- Opening Delimiter -

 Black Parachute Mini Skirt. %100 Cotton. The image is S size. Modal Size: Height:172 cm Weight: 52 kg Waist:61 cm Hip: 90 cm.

- Closing Delimiter -
- Opening Delimiter -

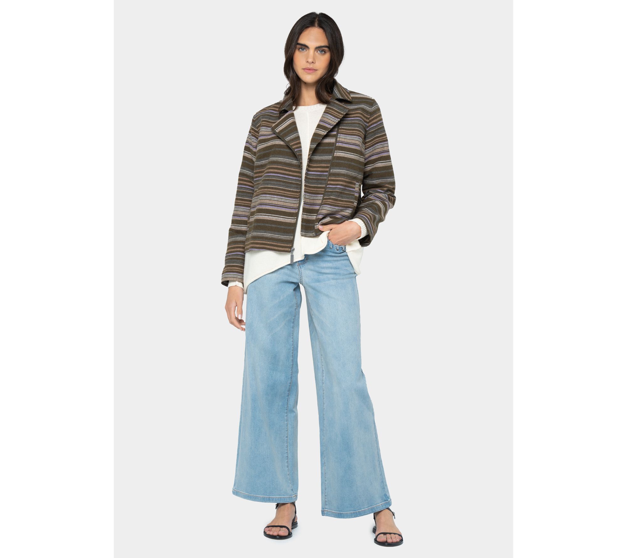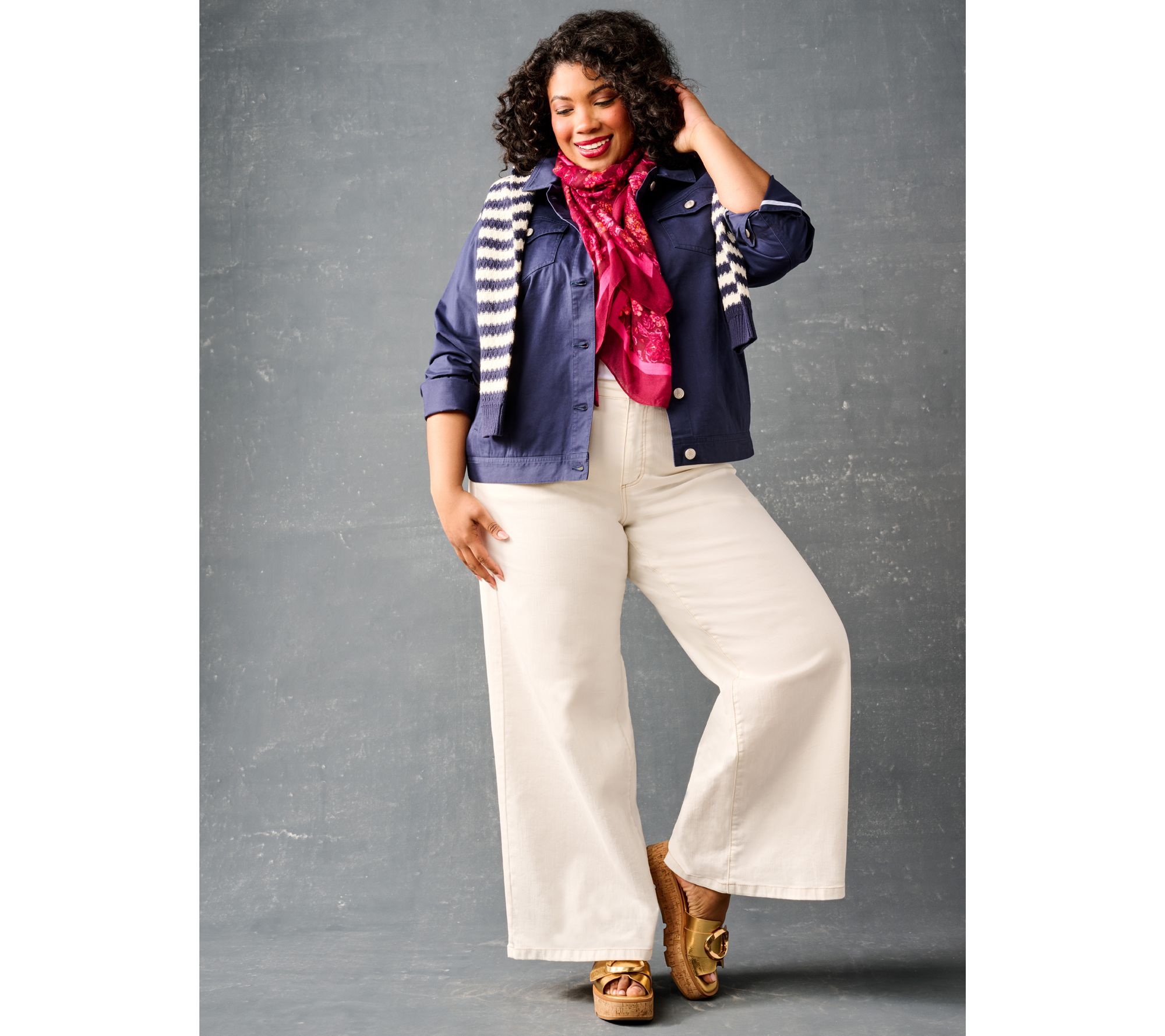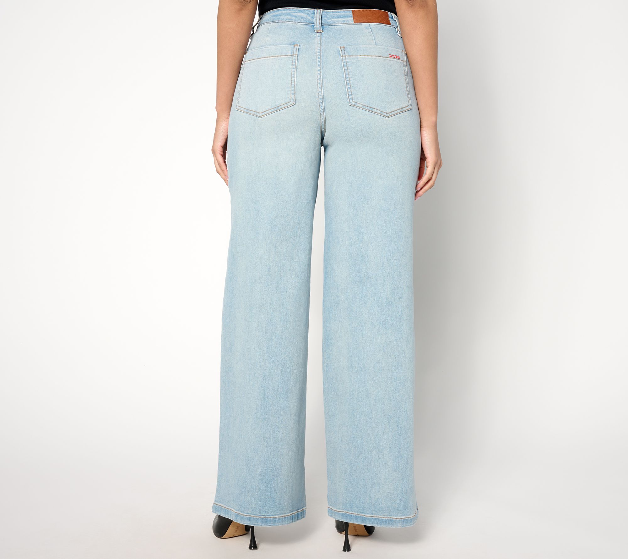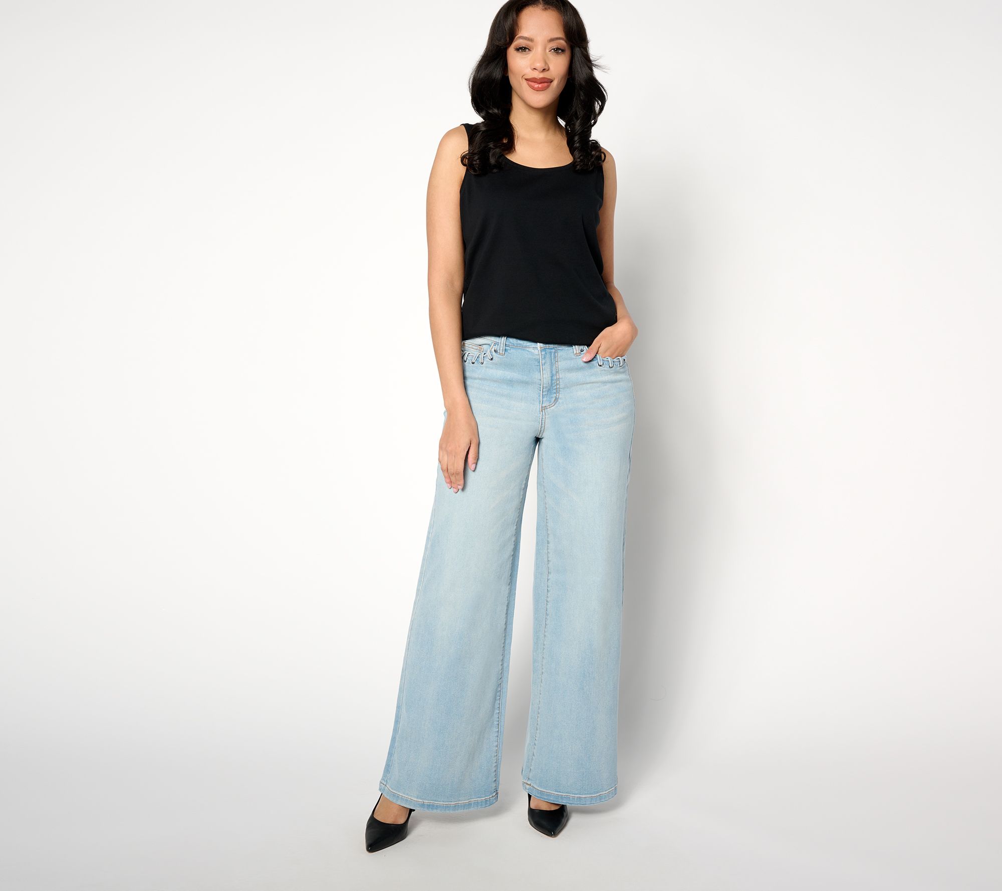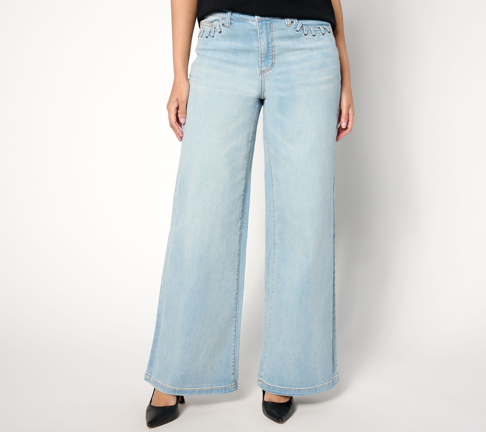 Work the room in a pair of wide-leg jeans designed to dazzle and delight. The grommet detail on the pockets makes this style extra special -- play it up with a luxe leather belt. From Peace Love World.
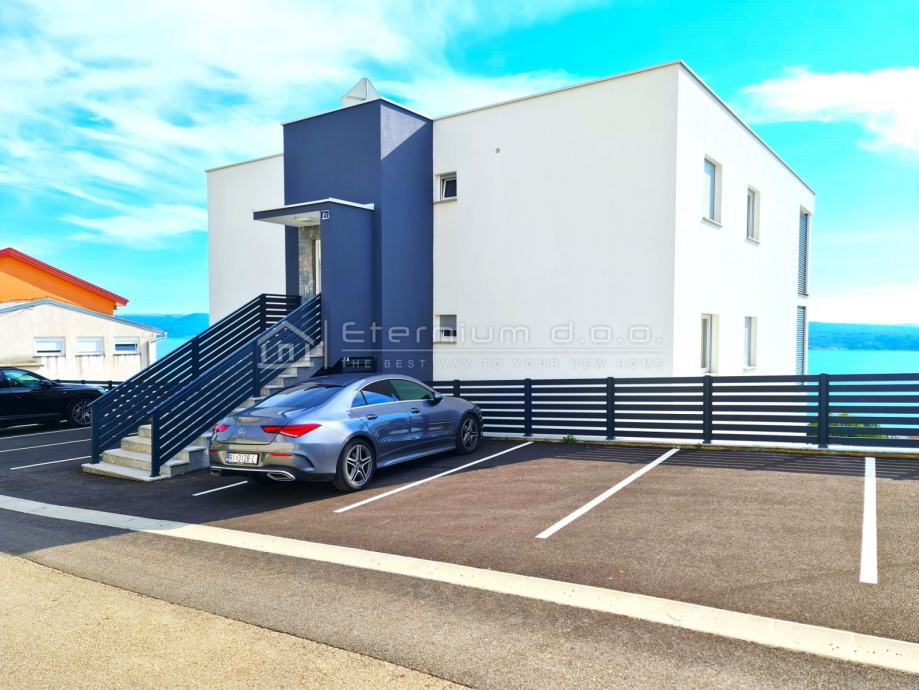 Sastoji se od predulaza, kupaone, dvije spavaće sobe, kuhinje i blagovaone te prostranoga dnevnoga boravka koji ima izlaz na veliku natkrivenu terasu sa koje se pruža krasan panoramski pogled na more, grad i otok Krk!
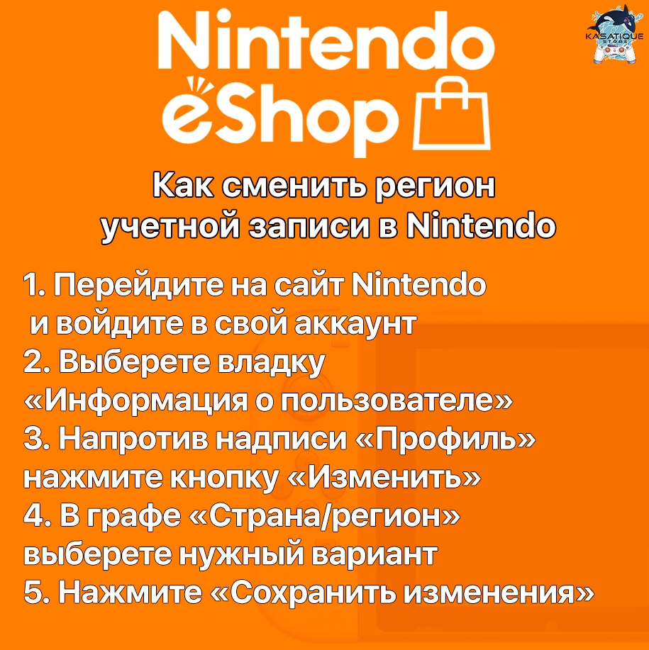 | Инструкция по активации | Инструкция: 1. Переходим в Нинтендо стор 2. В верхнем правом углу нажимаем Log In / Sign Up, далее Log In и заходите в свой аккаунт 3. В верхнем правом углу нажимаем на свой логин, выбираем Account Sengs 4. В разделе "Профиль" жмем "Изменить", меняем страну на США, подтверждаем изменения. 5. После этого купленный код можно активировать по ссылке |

- Closing Delimiter -

What you write must match the listing exactly, from the line with "Sastoji se od" up to and including the line with "по ссылке |". Pictures stay out.

TASK OUTPUT:
 Sastoji se od predulaza, kupaone, dvije spavaće sobe, kuhinje i blagovaone te prostranoga dnevnoga boravka koji ima izlaz na veliku natkrivenu terasu sa koje se pruža krasan panoramski pogled na more, grad i otok Krk!
 | Инструкция по активации | Инструкция: 1. Переходим в Нинтендо стор 2. В верхнем правом углу нажимаем Log In / Sign Up, далее Log In и заходите в свой аккаунт 3. В верхнем правом углу нажимаем на свой логин, выбираем Account Sengs 4. В разделе "Профиль" жмем "Изменить", меняем страну на США, подтверждаем изменения. 5. После этого купленный код можно активировать по ссылке |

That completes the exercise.